Exercise prompt -
Transcribe the whole listing below without changing a word, but leave out every image.

Data below -
------------------------------------------------------------------------

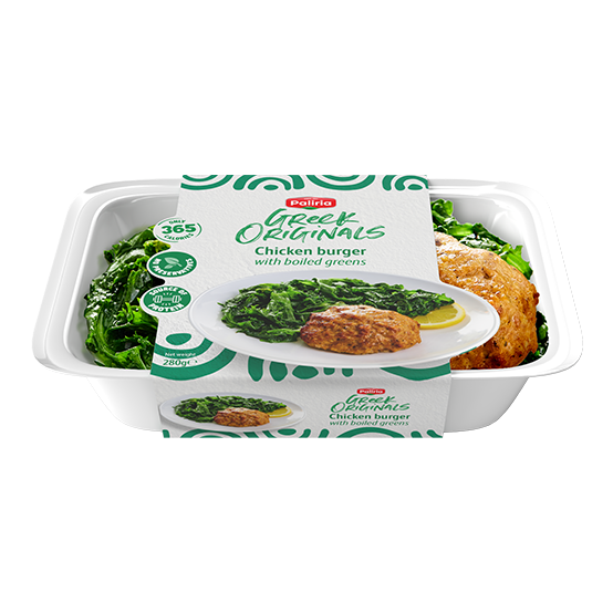 The Chicken Burger with Greens by Paliria is made with selected high quality ingredients, is high in protein, low in saturated fat and of course tastes amazing! The Chicken Burger with Greens is a perfect, filling and delicious meal, ideal for those who are careful about their health and weight and want to adopt a healthy, yet delicious diet. The Chicken Burger with Greens covers all of the above and has only 365 calories per serving. It also comes in individual portions, and as a ready-to-eat, refrigerated meal can be heated in a conventional or microwave oven. For all those reasons, the Chicken Burger with Greens by Paliria may justifiably be included in our weekly diet!
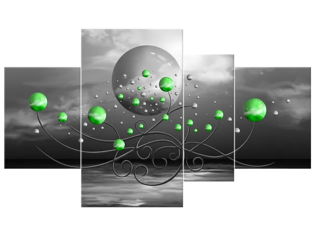 5592A_4M Obraz na plátne Zelené gule na sivom pozadí |
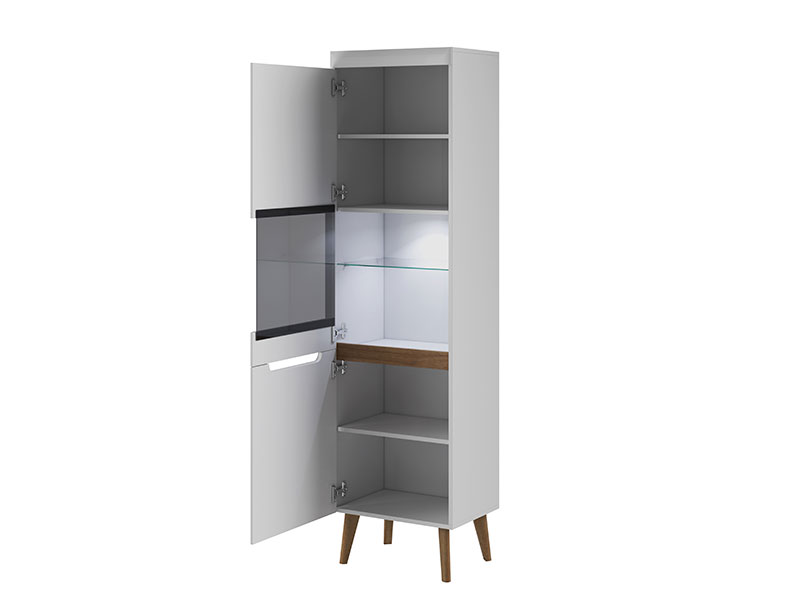 Висок шкаф, при който долната врата е плътна, а горната е със стъкло. Подходящ е за съхранение на големи предмети, посуда и декоративни елементи. Високата конструкция използва ефективно вертикалното пространство, а елегантният дизайн с MDF лица с вкопани дръжки се вписва отлично във всяка модерна дневна или трапезария.
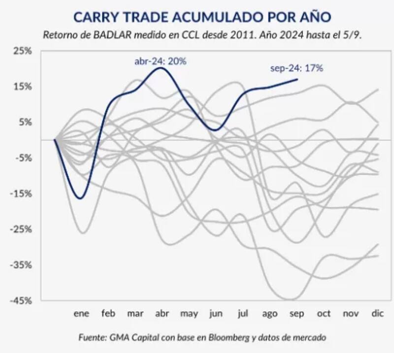 Nery Persichini, head de estrategia de GMA Capital, agregó que las elevadas tasas nominales en pesos de nuestro mercado (que compiten contra una inflación en descenso, pero aún de magnitud) han llevado a un nuevo período exitoso de carry trade.

------------------------------------------------------------------------

Solution for this exercise -
 The Chicken Burger with Greens by Paliria is made with selected high quality ingredients, is high in protein, low in saturated fat and of course tastes amazing! The Chicken Burger with Greens is a perfect, filling and delicious meal, ideal for those who are careful about their health and weight and want to adopt a healthy, yet delicious diet. The Chicken Burger with Greens covers all of the above and has only 365 calories per serving. It also comes in individual portions, and as a ready-to-eat, refrigerated meal can be heated in a conventional or microwave oven. For all those reasons, the Chicken Burger with Greens by Paliria may justifiably be included in our weekly diet!
 5592A_4M Obraz na plátne Zelené gule na sivom pozadí |
 Висок шкаф, при който долната врата е плътна, а горната е със стъкло. Подходящ е за съхранение на големи предмети, посуда и декоративни елементи. Високата конструкция използва ефективно вертикалното пространство, а елегантният дизайн с MDF лица с вкопани дръжки се вписва отлично във всяка модерна дневна или трапезария.
 Nery Persichini, head de estrategia de GMA Capital, agregó que las elevadas tasas nominales en pesos de nuestro mercado (que compiten contra una inflación en descenso, pero aún de magnitud) han llevado a un nuevo período exitoso de carry trade.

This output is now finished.